If the element at the beginning and the end are the same, we make a recursive call to check if the remaining string is a palindrome. If so, the string is a palindrome from beginning to end.
We will skip either the element from the beginning or the end and make two recursive calls for the remaining substring. The length of LPS will be the maximum of these two recursive calls.

Due to the three recursive calls, the time complexity of the above algorithm is exponential O(3^n), where 'n' is the length of the input string. The space complexity is O(n) used for the recursion stack.

Top-Down DP with Memoization

We can use an array to store the already solved subproblems.

The two changing values to our recursive function are the two indexes, startIndex and endIndex. Therefore, we can store the results of all the subproblems in a two-dimensional array. (Another alternative could be to use a hash-table whose key would be a string (startIndex + “|” + endIndex))

The above algorithm has a time and space complexity of O(n^2) because we will not have more than n*n subproblems.

Bottom-up DP

Since we want to try all the substrings of the given string, we can use a two-dimensional array to store the subproblems’ results. So dp[i][j] will be ‘true’ if the substring from index ‘i’ to index ‘j’ is a palindrome.

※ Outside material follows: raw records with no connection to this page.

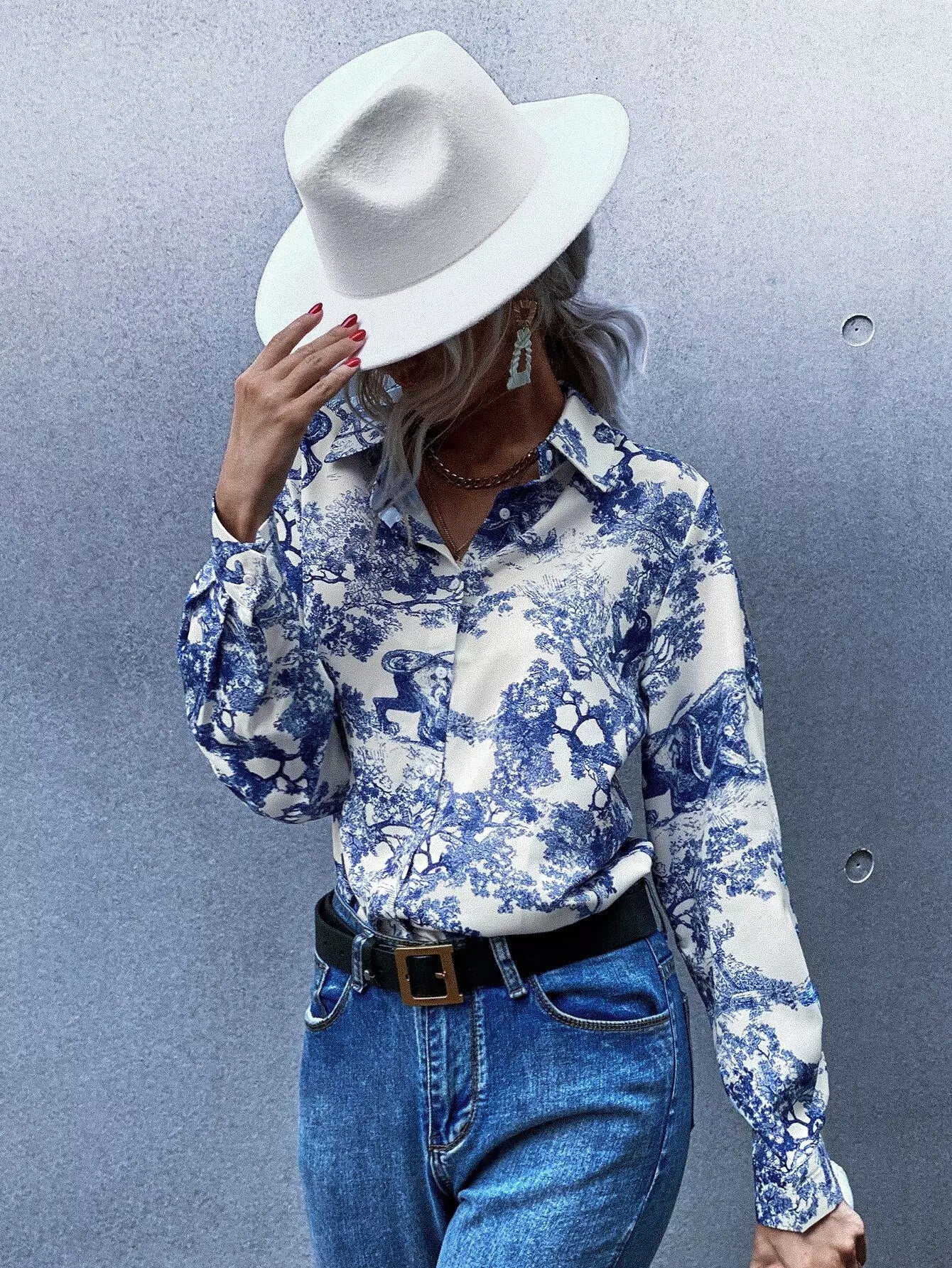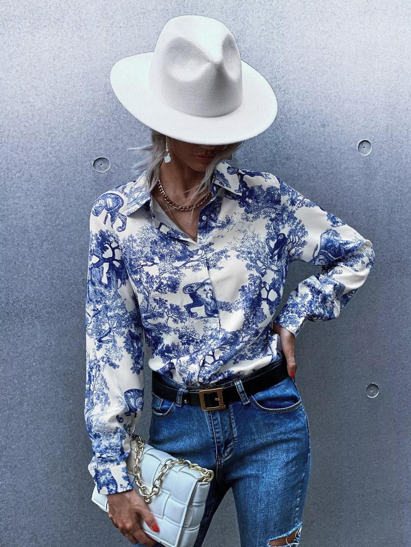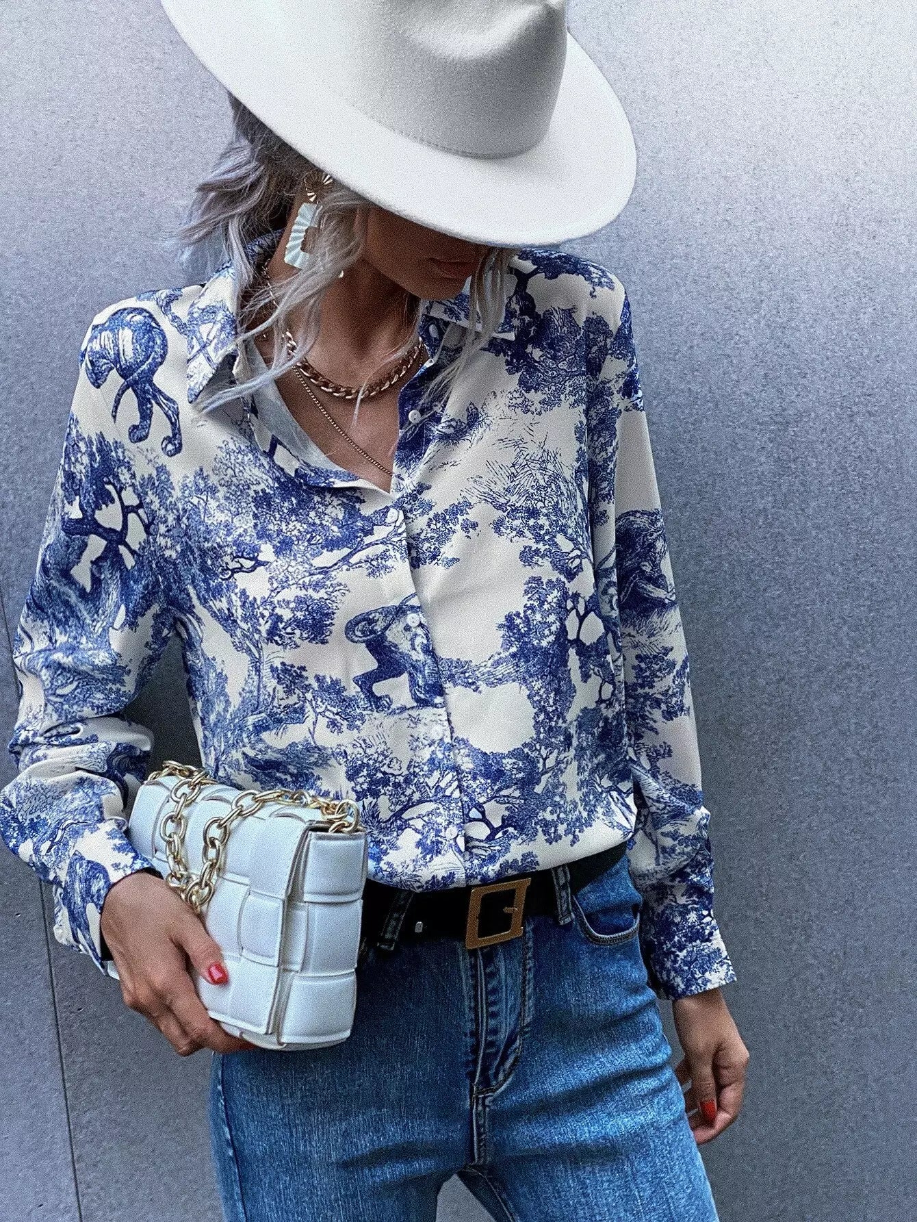 بلوزة بطبعة منقوشة على شكل أفقي بأزرار
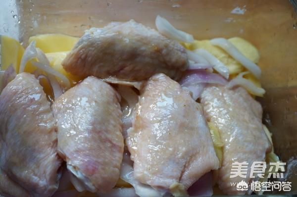 洋葱切丝,生姜切片,放入拌匀和鸡翅一起腌制,时间越长越入味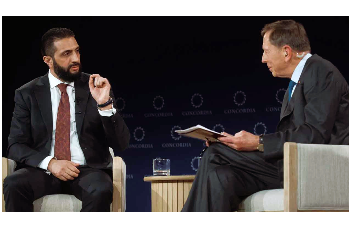 আল জাজিরার প্রতিবেদনে বলা হয়েছে, নিউইয়র্কের কনকর্ডিয়া বার্ষিক সম্মেলনে এই বিরল বৈঠক অনুষ্ঠিত হয়। পেট্রেয়াস একসময় আল-শারআকে গ্রেপ্তার করেছিলেন এবং পরে সিআইএ-এর পরিচালক হিসেবেও দায়িত্ব পালন করেছেন।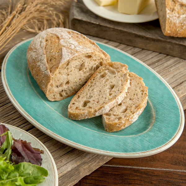 Use this Carlisle 6402015 Grove 12" x 8" aqua oval melamine platter to direct all eyes to your perfectly plated appetizers or large entrees.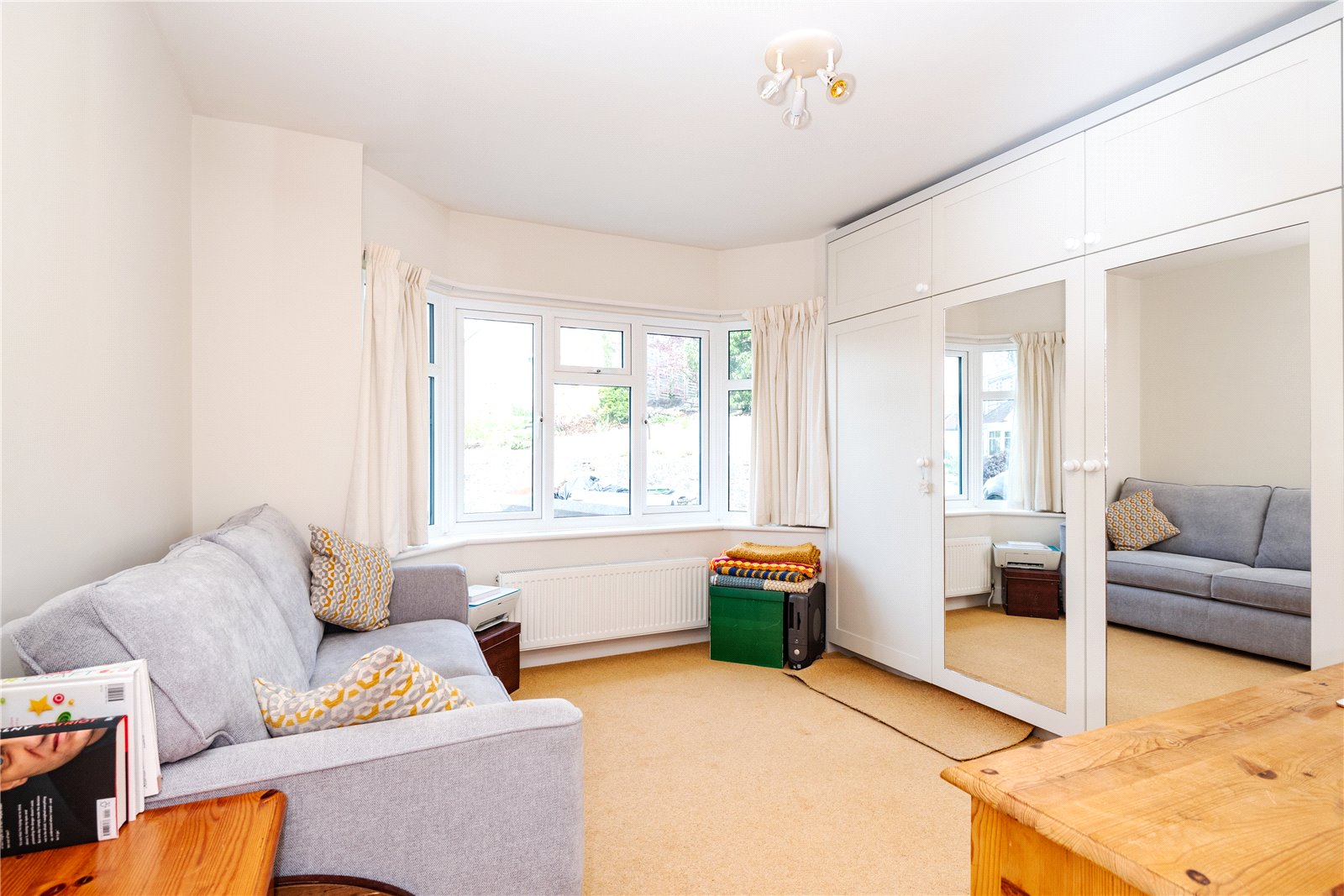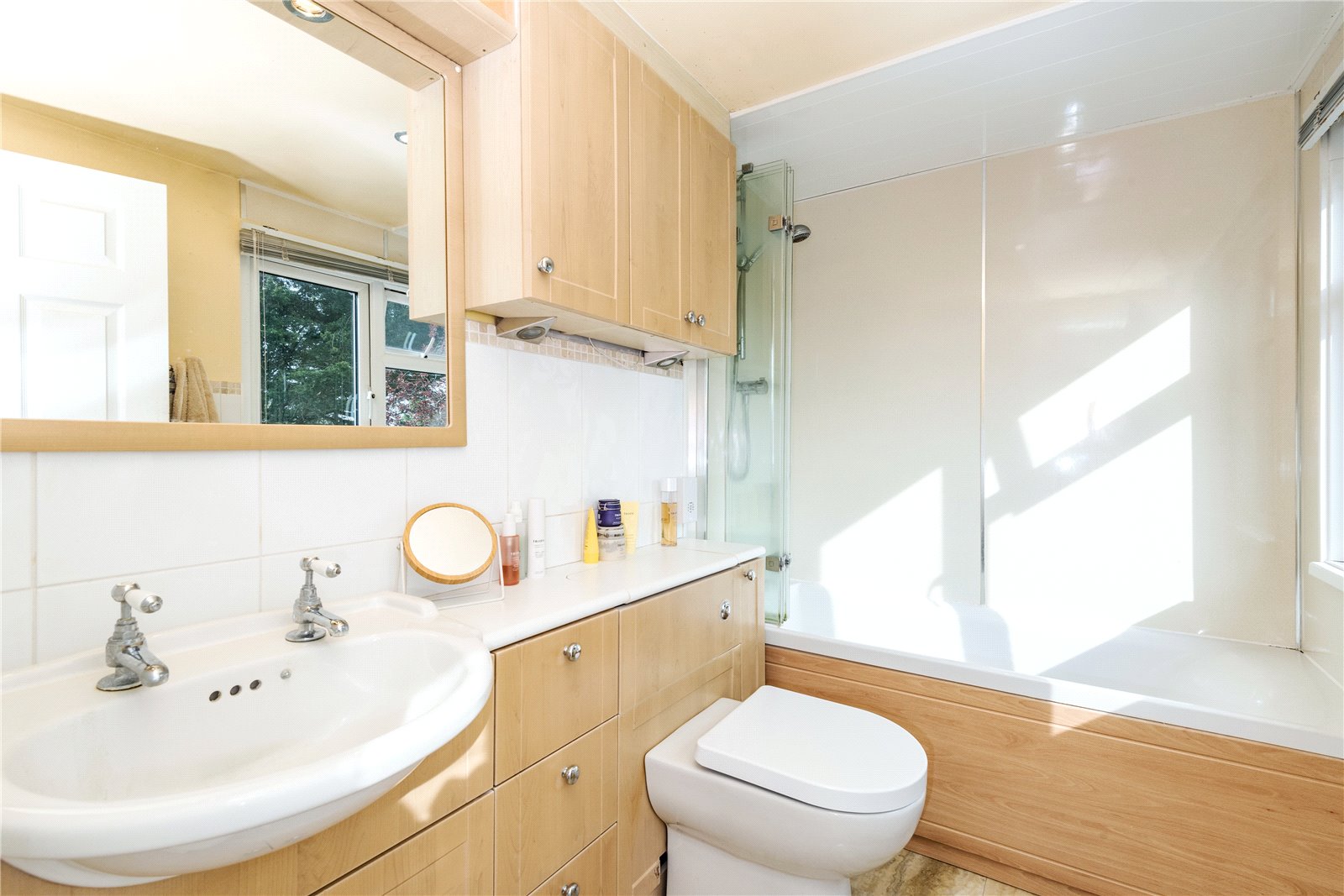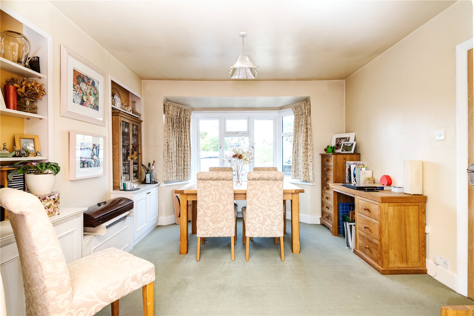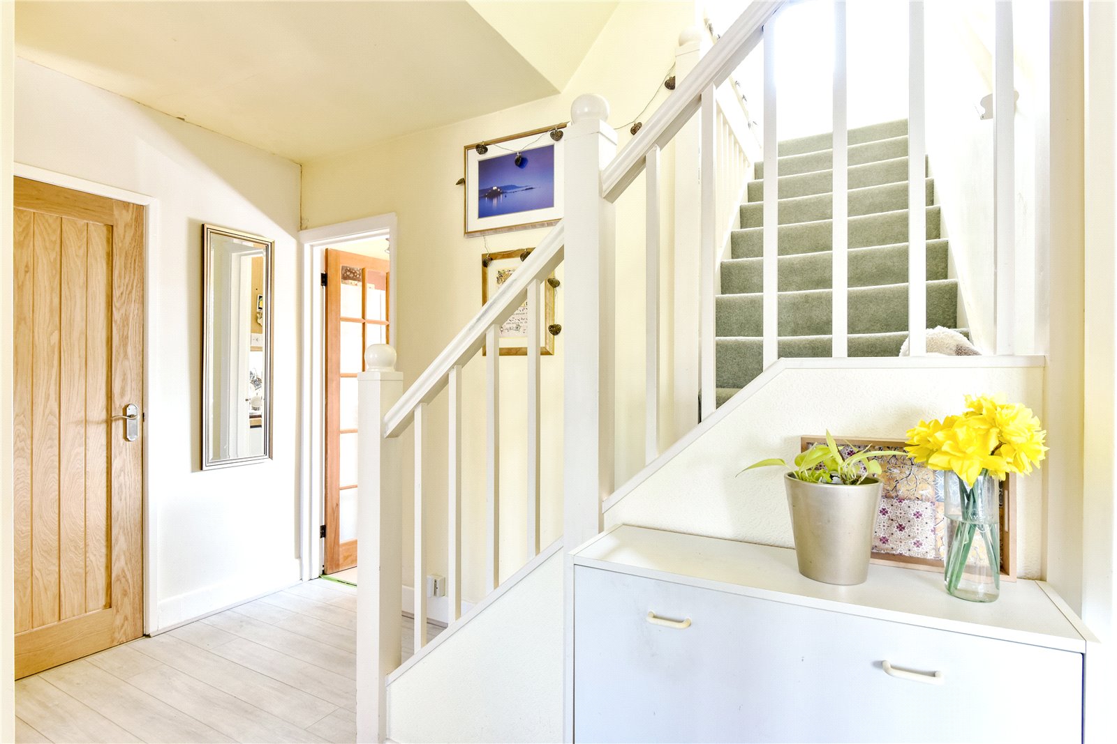 To the outside, the front garden is mainly laid as off road parking and has side access leading to the attractive south/westerly facing rear garden, with lawned and patio areas, well stocked flower beds and borders and three garden sheds.

We can start from the beginning of the string and keep adding one element at a time. At every step, we will try all of its substrings. So for every endIndex and startIndex in the given string, we need to check the following thing:

If the element at the startIndex matches the element at the endIndex, we will further check if the remaining substring (from startIndex+1 to endIndex-1) is a substring too.

Recursive Formula:

if st[startIndex] == st[endIndex], and
    if the remaing string is of zero length or dp[startIndex+1][endIndex-1] is a palindrome then
        dp[startIndex][endIndex] = true

The time and space complexity of this algorithm is O(n^2).

NON-DP O(n) space approach

For every letter in the string, we compute whether the letter is the center of a palindromic substring and get the length. For every letter we need to computer 2 cases, whether just the letter at index i is the center or i and i+1 is the center.